Give back all of the data exactly, with every picture omitted.

[Supplied information — start]

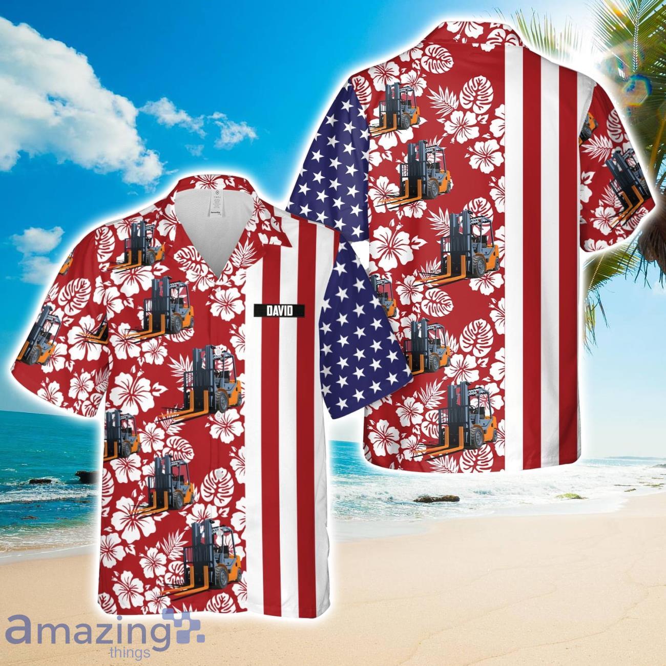 Custom Name Forklift Flag Hawaiian Shirt Summer Vacation Button Shirt Details:
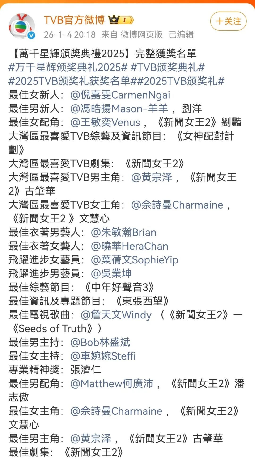 1月4日晚,TVB万千星辉颁奖典礼举行,这场备受港剧迷瞩目的盛会诞生多个重磅奖项。
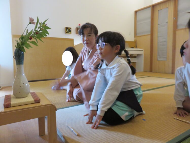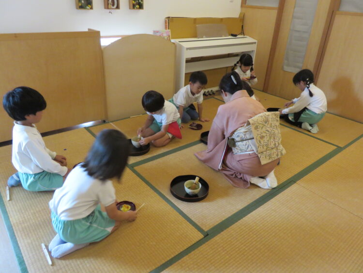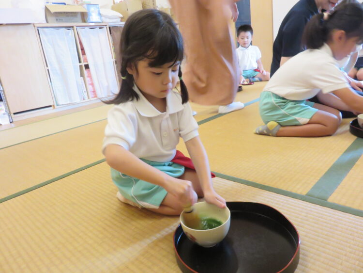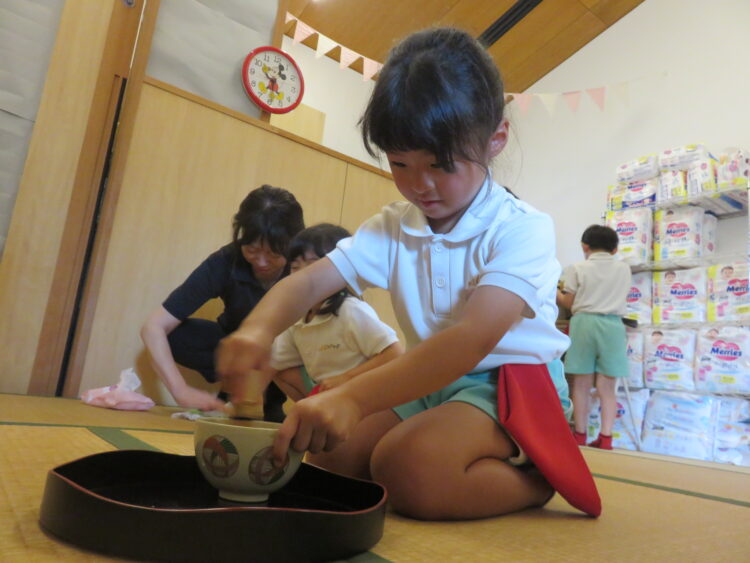 友だち同士でおもてなしをしていると、「最後はのの字だよね。」と前に習ったことを思い出しながら、頑張ってお抹茶をたてる姿が見られました。

[Supplied information — finish]

■ **Task output**:
 Custom Name Forklift Flag Hawaiian Shirt Summer Vacation Button Shirt Details:
 1月4日晚,TVB万千星辉颁奖典礼举行,这场备受港剧迷瞩目的盛会诞生多个重磅奖项。
 友だち同士でおもてなしをしていると、「最後はのの字だよね。」と前に習ったことを思い出しながら、頑張ってお抹茶をたてる姿が見られました。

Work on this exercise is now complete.